[A Popular History of France From The Earliest Times by Francois Pierre Guillaume Guizot]@TWC D-Link bookA Popular History of France From The Earliest Times CHAPTER LX 6/92
Sad symptom of the fatal progress of public opinion! The cries heretofore raised against the queen under the name of Austrian were now uttered against Madame Deficit, pending the time when the fearful title of Madame Veto would give place in its turn to the sad name of the woman Capet given to the victim of October 16, 1793. The king summoned the Parliament to Versailles, and on the 6th of August, 1787, the edicts touching the stamp-tax and territorial subvention were enregistered in bed of justice.
The Parliament had protested in advance against this act of royal authority, which it called "a phantom of deliberation." On the 13th of August, the court declared "the registration of the edicts null and without effect, incompetent to authorize the collection of imposts, opposed to all principles;" this resolution was sent to all the seneschalties and bailiwicks in the district.
It was in the name of the privilege of the two upper orders that the Parliament of Paris contested the royal edicts and made appeal to the supreme jurisdiction of the States-general; the people did not see it, they took out the horses of M.d'Espremesnil, whose fiery eloquence had won over a great number of his colleagues, and he was carried in triumph.
On the 15th of August the Parliament was sent away to Troyes. Banishment far away from the capital, from the ferment of spirits, and from the noisy centre of their admirers, had more than once brought down the pride of the members of Parliament; they were now sustained by the sympathy ardently manifested by nearly all the sovereign courts. "Incessantly repeated stretches of authority," said the Parliament of Besanccon, "forced registrations, banishments, constraint and severity instead of justice, are astounding in an enlightened age, wound a nation that idolizes its kings, but is free and proud, freeze the heart and might break the ties which unite sovereign to subjects and subjects to sovereign." The Parliament of Paris declared that it needed no authority for its sittings, considering that it rendered justice wherever it happened to be assembled.

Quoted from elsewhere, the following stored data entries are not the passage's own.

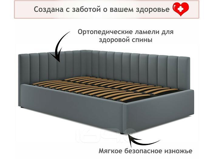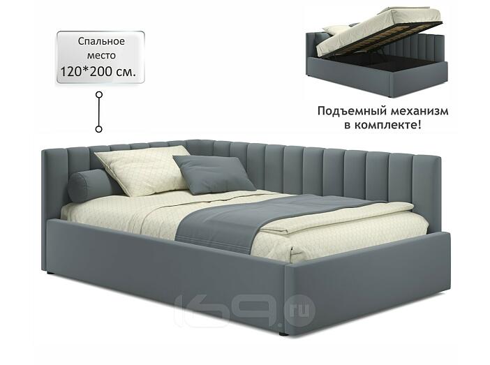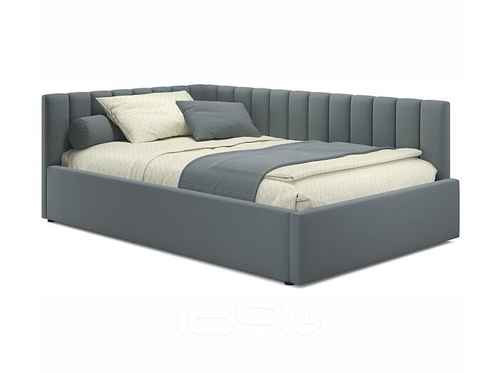 Кровать Milena с матрасом велюр серая С П/М 1200x2000, ортопедическое основание, изголовье мягкое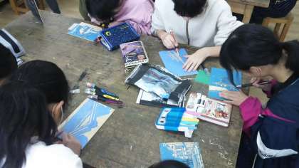 今回は風景画をテーマに作品をつくっています。写真をもとに下書きをし、掘り進めていきます。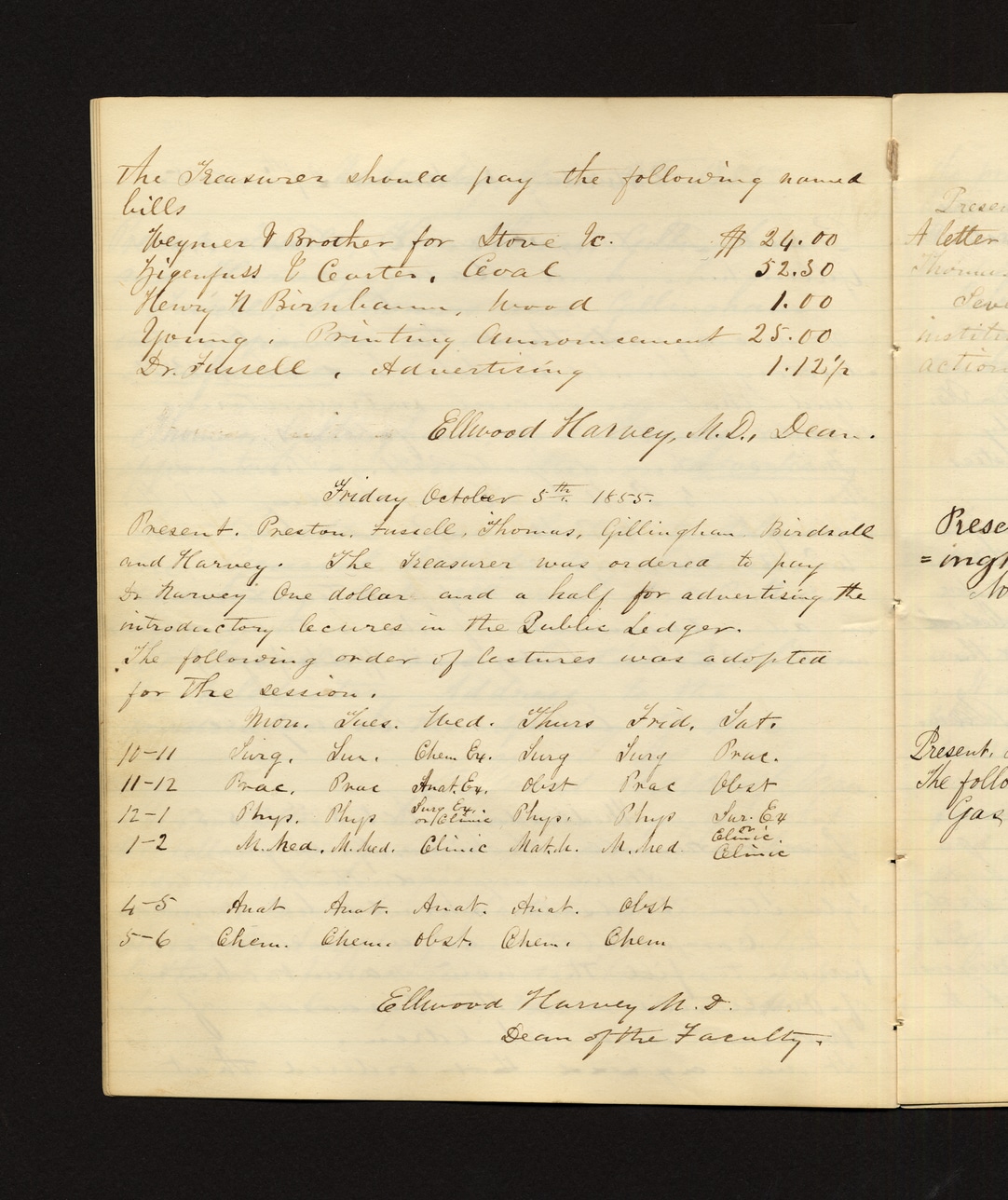 The Treasurer should pay the following named bills: Weymer & Brother for Stone Co. $24.00 Zigenfuss & Carter, Coal 52.30 Henry N. Bimhann, Wood 1.00 Young, Printing Announcement 25.00 Dr. Russell, Advertising 1.12½ Ellwood Harvey, M.D., Dean. Friday October 5th, 1855. Present: Preston, Russell, Thomas, Gillingham, Birdwell and Harvey. The Treasurer was ordered to pay Dr. Harvey one dollar and a half for advertising the introductory lectures in the Public Ledger. The following order of lectures was adopted for the session. Mon. Tues. Wed. Thurs. Fri. Sat. 10-11 Surg. Surg. Chem. Ex. Surg. Surg. Brac. 11-12 Brac. Brac. Anat. Ex. Obst. Brac. Obst. 12-1 Phys. Phys. Surg. Ex. Phys. Phys. Surg. Ex. 1-2 M. Med. M. Med. Clinic Matk. M. Med. Clinic 4-5 Anat. Anat. Anat. Anat. Obst. 5-6 Chem. Chem. Obst. Chem. Chem. Ellwood Harvey M.D. Dean of the Faculty.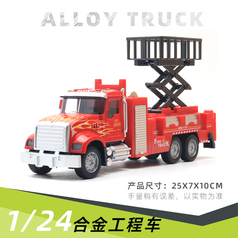뜨거운 판매 대형 1/24 어린이 합금 풀백 시뮬레이션 소방차 엔지니어링 차량 모델 자동차 소년 크로스보더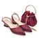 Spitz zulaufende Damenschuhe in Übergröße mit leerem Absatz und Strass-Eimer-Handtasche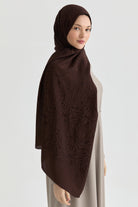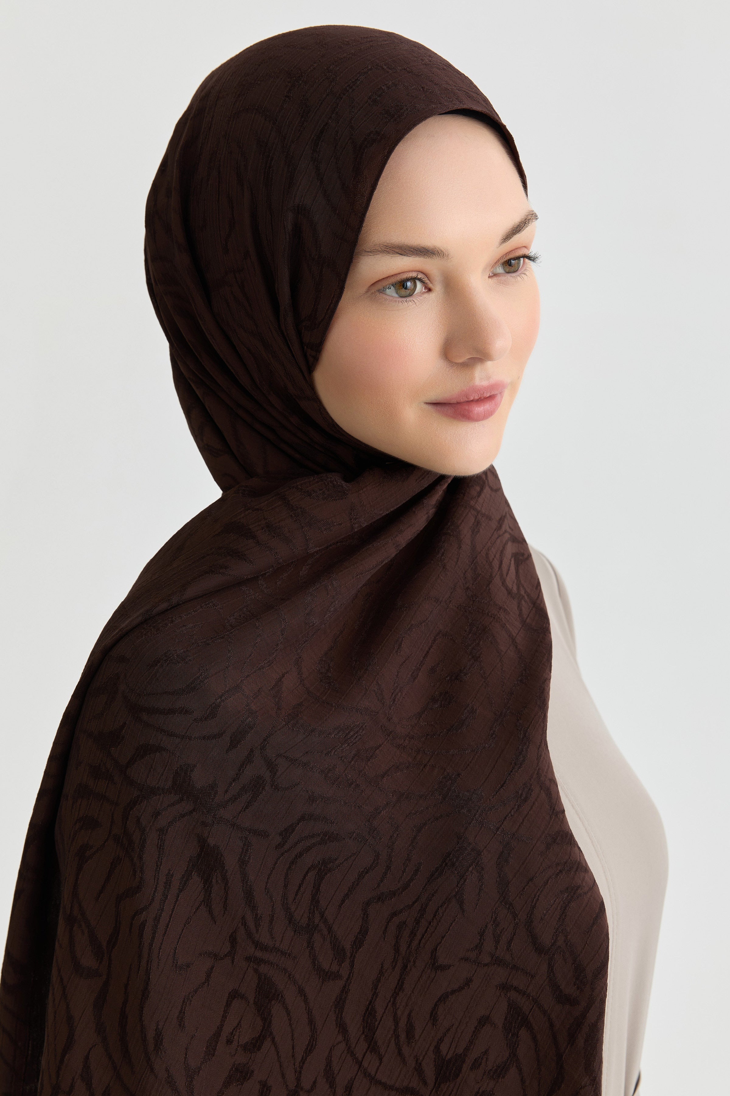 Afra Jakar Şal, dokusundaki ince desenlerle zarif ve sakin bir duruş sunar. Yumuşak yapısı sayesinde boyuna kolayca yerleşir, gün boyu konfor sağlar.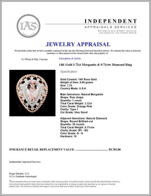 Regarding Appraised Jewelry and Loose Stones - Auctionfarm sends them out to a third party for Retail Replacement Value Appraisals, which are the most common. These types of evaluations are written for insurance needs. This would be the cost to replace the jewelry with an item of equal quality and kind, considered to be the current market price or the replacement value. This type of appraisal is done to protect you in the event of damage or loss of a valuable item. Our appraisals are conducted by independent 3rd Party appraisal firms that utilizes Certified GIA Gemologist. Appraisals should be used for verification of gemstone and/or metal weight, size, and grade only, not actual value. Appraisal value should be considered for insurance purposes only, not actual value, as price varies greatly from retail locations thru out the world. Items should not be purchased with the expectation to resell for appraisal price, or for profit.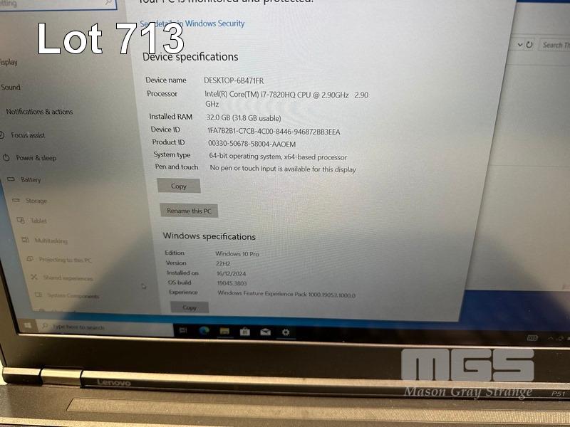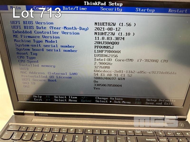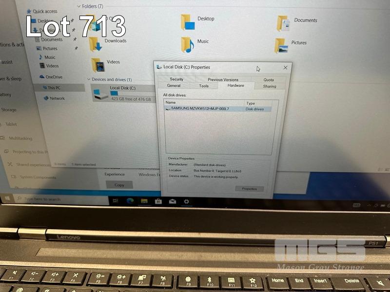 LAPTOP, LENOVO THINKPAD P51 MOBILE WORKSTATION, TYPE 20HJ, CORE i7 7820HQ (7TH GEN) @ 2.9GHz, 32GB DDR4 RAM, 512GB NVMe M.2 SSD, 15.6" WIDESCREEN (1920x1080), 4GB NVIDIA QUADRO M2200 VIDEO, Wi-Fi, BLUETOOTH, WINDOWS 10 PRO INSTALLED (NO POWER SUPPLY) (NOTE: CRACK LINE ON CASING, MARKS ON SCREEN) S/N:PF0VNR5J

"The monarchy would be transfigured into a despotic form," said the decree, "if ministers could dispose of persons by sealed letters (_lettres de cachet_), property by beds of justice, criminal matters by change of venue (_evocation_) or cassation, and suspend the course of justice by special banishments or arbitrary removals." Negotiations were going on, however; the government agreed to withdraw the new imposts which it had declared to be indispensable; the Parliament, which had declared itself incompetent as to the establishment of taxes, prorogued for two years the second twentieth.